In today’s world, China is also the world’s biggest importer of cotton. This has not always been the case as in the 19th and early 20th centuries it was the UK. Even today, Liverpool in the UK is still the biggest cotton market and became well established due to its proximity to the Lancashire mills. Indeed, the Liverpool cotton market was the first market in the UK to trade in futures or derivatives contracts and had its own Clearing House to enable the payments to be made on contracts.

Still today the International Cotton Association is based here, ensuring that Liverpool is still central to the global market for cotton trading.

Over the years there are certain countries that have become synonymous with cotton, Egypt being probably the most prominent ‘brand’ of cotton growers. Whilst Egypt does indeed grow some of the best cotton, most notably Egyptian Giza 45, not all farms grow this variety.

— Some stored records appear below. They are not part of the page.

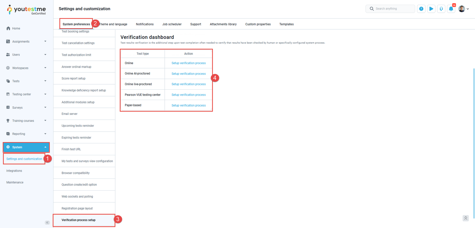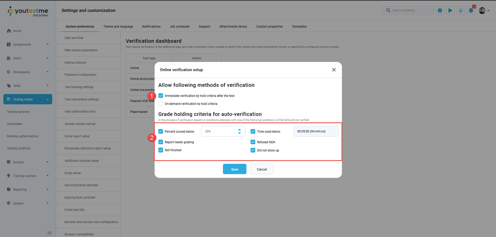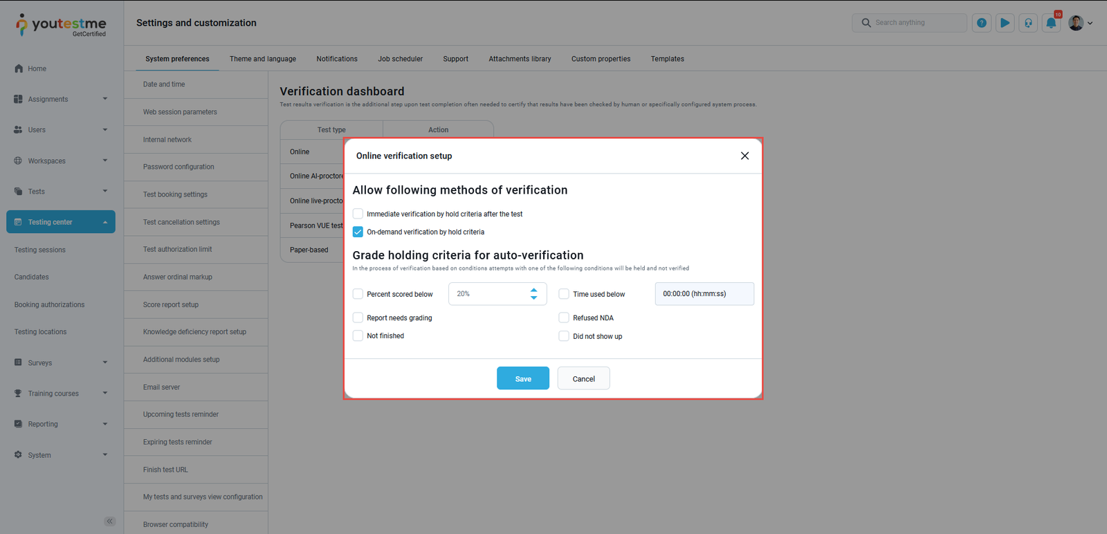 Test type – Configure verification based on the delivery preference, whether online, paper-based, or other. You can also specify the preferred delivery method, such as online or paper-based.
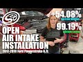 We swapped the location of the air intake and battery, allowing our intake to not only be closer but also directly in line with the front air inlet. Additionally, our intake tube has minimal bends as it connects to the turbo inlet. These details result in a significant decrease in restriction compared to the stock intake.
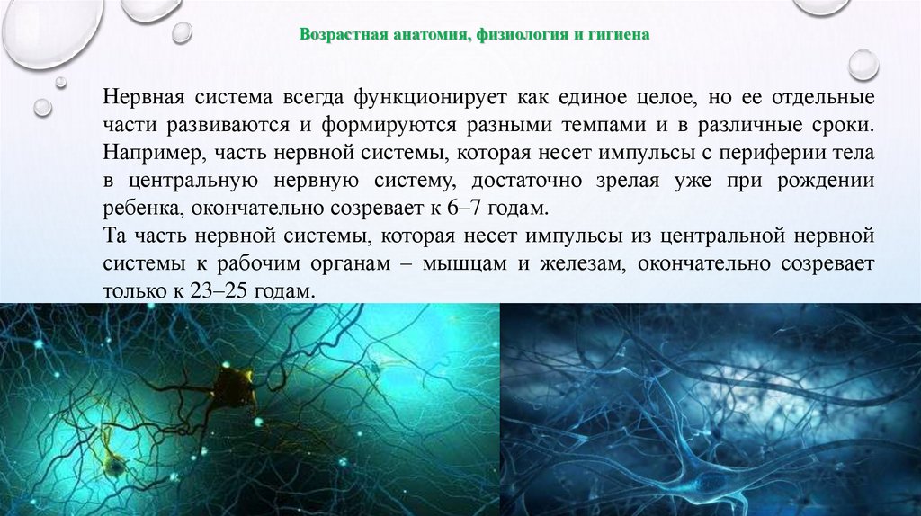 Возрастная анатомия, физиология и гигиенаНервная система всегда функционирует как единое целое, но ее отдельные
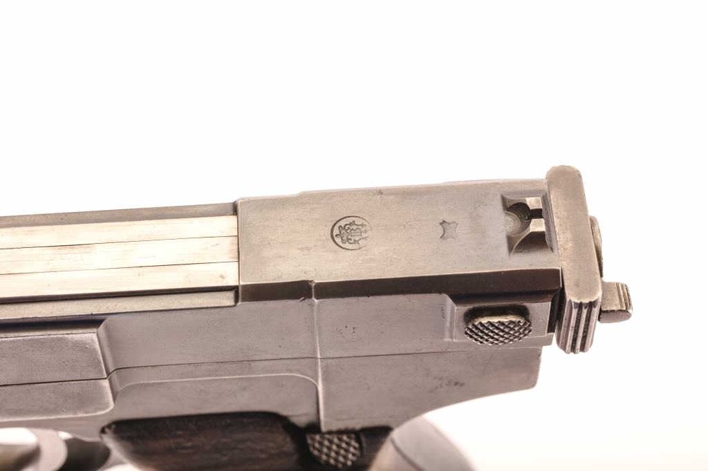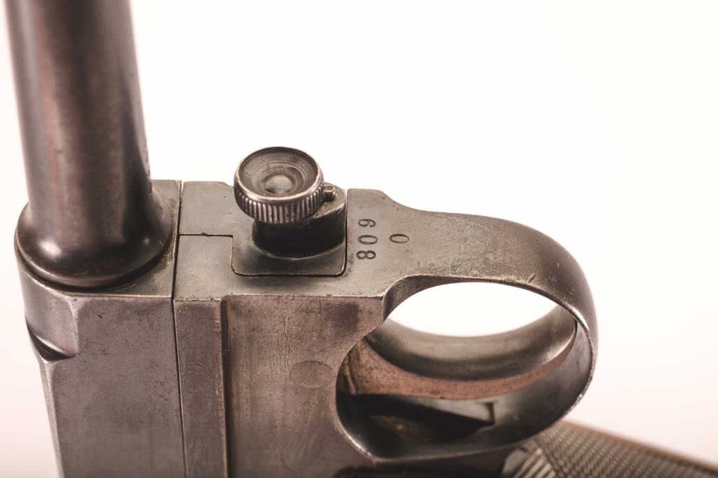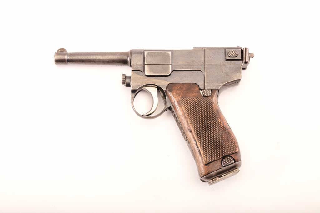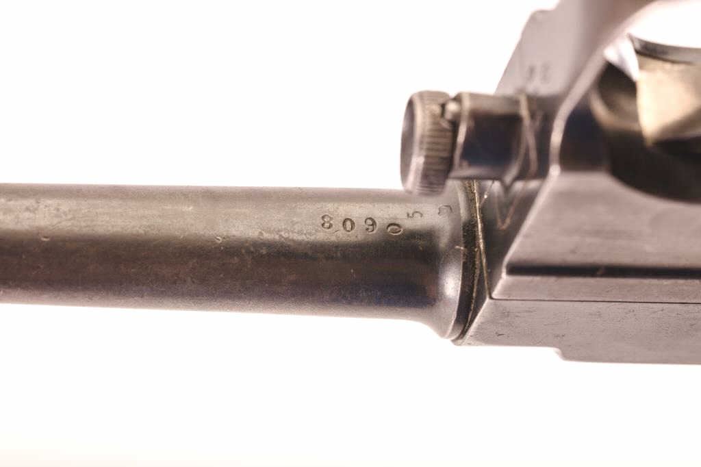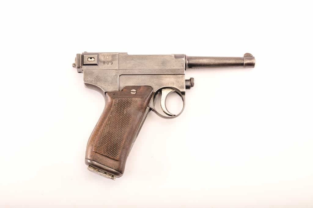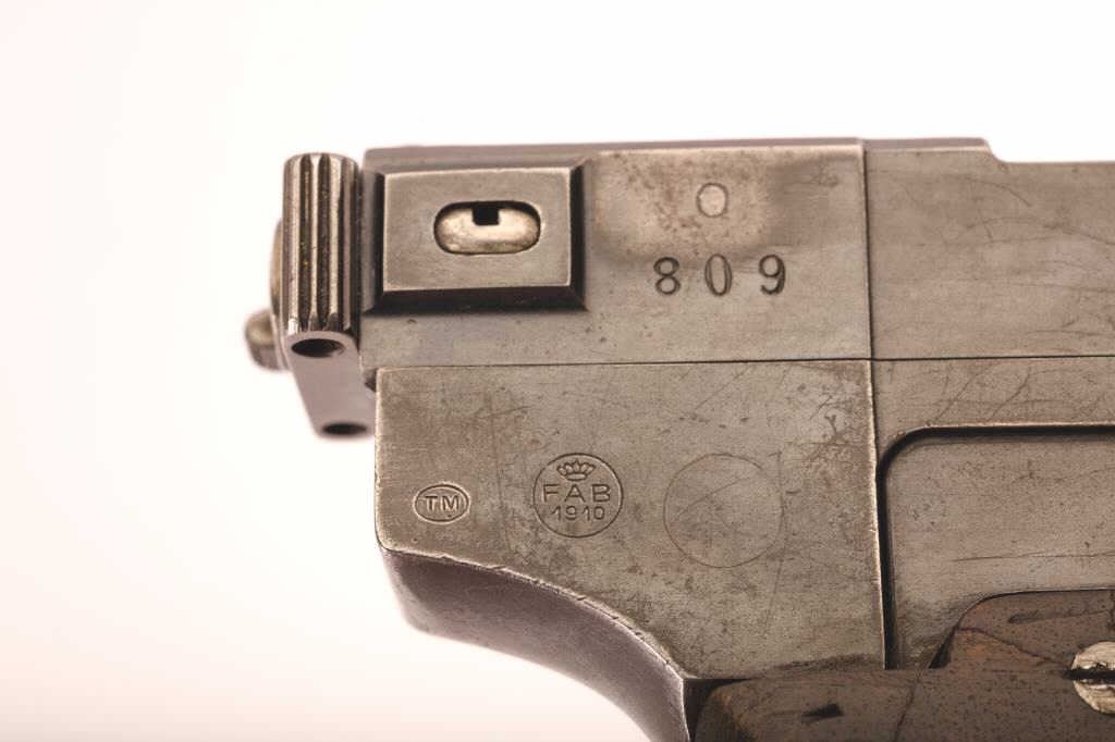 Italian Glisenti 9mm semi auto pistol F.A.B. marked and 1910 dated, S/N 809 (O) suffix or series. 75%-85% original blue. Normal wear and use with cleaning to the left side of the frame over trigger. Well done repairs togrips. Matching visible numbers. Good bore and interior. Scarce and collectible. (C&R) Est.: $700-$1400
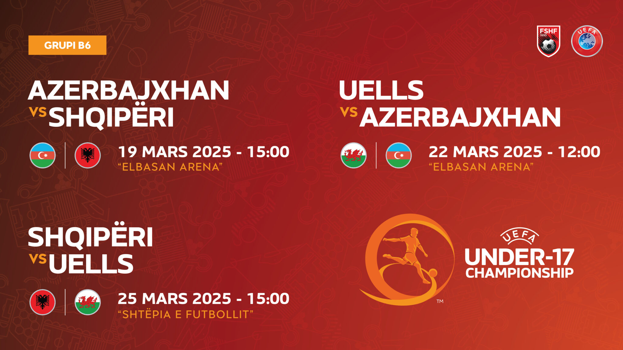 Federata e Futbollit do të organizojë në muajin mars turneun e dytë europian për vitin 2025, duke mirëpritur ndeshjet e raundit të dytë të grupit B6, të vlefshme për Kampionatin Europian U-17 “Shqipëri 2025”. Në këtë grup bëjnë pjesë Shqipëria, Azerbajxhani dhe Uellsi, me ndeshjet që do të zhvillohen në Shqipëri më 19, 22 dhe 25 mars.
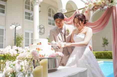 開放的なガーデンでのケーキセレモニー
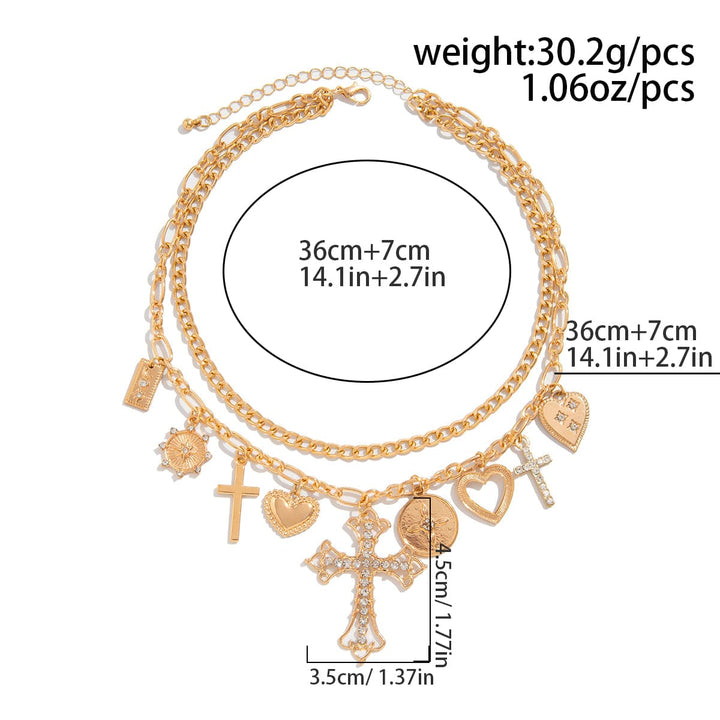Elevate your style with this elegant Chic Layered Necklace. Made with high-quality alloy metal and sparkling rhinestones, this necklace features a delicate cross, heart and round disk pendant that adds a touch of sophistication to any outfit. Be the envy of everyone with this stunning accessory.
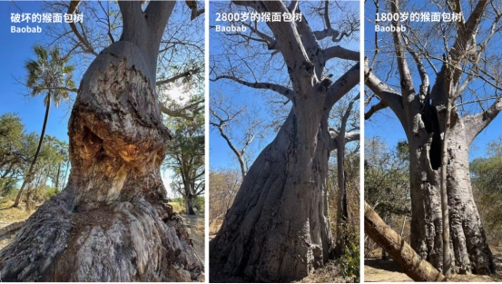 而猴面包树有着惊人的自愈能力,被大象破坏的树皮,过几年就会慢慢再生,重新包裹住树干。当地向导说,近些年,气候变化让旱季变得越来越漫长,大象们不得不更深地啃食树干,古树的自愈速度渐渐跟不上损伤的速度,如今树干上布满了深浅不一的沟壑。
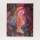 This design captures a stunning neon helix structure towering over a bustling urban landscape at night. The vibrant orange and pink neon lights contrast dramatically with the darkened cityscape, filled with illuminated signs and advertisements. This image evokes the energy of a city that never sleeps, with the helix adding a futuristic touch to the traditional skyline.
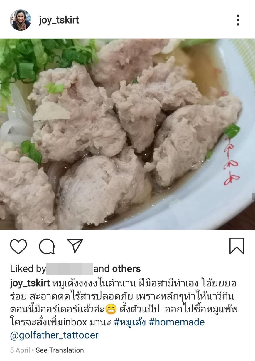 และโพสต์ภาพตัวเองกับหมูเด้งที่เพิ่งทำเสร็จใหม่ๆ พร้อมทั้งเขียนข้อความ “หนู (ให้สามีทำ) ทำหมูเด้ง home made หมูเด้งสดเอาไปแช่ฟรีซ เมนูไหนก็อร่อย

The world’s best cottons are:

Sea Island Cotton

The Caribbean Islands’ tropical climate is perfect to grow this extra long staple variety that has for been grown in Barbados for over 300 years. Whilst today Sea Island Cotton is the most coveted with fibres up to 60mm long allowing for super soft, super strong yarns to be spun to create fabrics with the highest of thread counts. Making up just 0.0004% of cotton production this is also probably the most expensive and desirable. Indeed, even Queen Victoria insisted on having her handkerchiefs made from its luxurious fibres!

Indian Suvin Cotton

Known as White Gold, this is a hybrid of Sea island cotton from St Vincent and Sujata which is indigenous to India, Suvin is grown in the Indian state of Tamil Nadu. With a limited growth of just a few thousand bales annually it is truly one of the great cottons. Suvin is a trademark of the Cotton Association of India.

Egyptian Giza 45

From the same variety as Sea Island cotton, Giza 45 is by far the most expensive Egyptian cotton. Harvested by hand, as a long staple cotton it is grown on larger bushes and often on difficult terrains.

American Pima

Named after the native Pima Indians who farmed in Arizona in the early 20th century this is the name for extra long staple American cotton. Supima, which is a trademark of the Supima Association is a premium cotton grown in the far south west and west America.

Short staple cotton is by far the most commonly farmed variety, grown on vast farms and harvested mechanically from smaller bushes than the premium cottons grow on.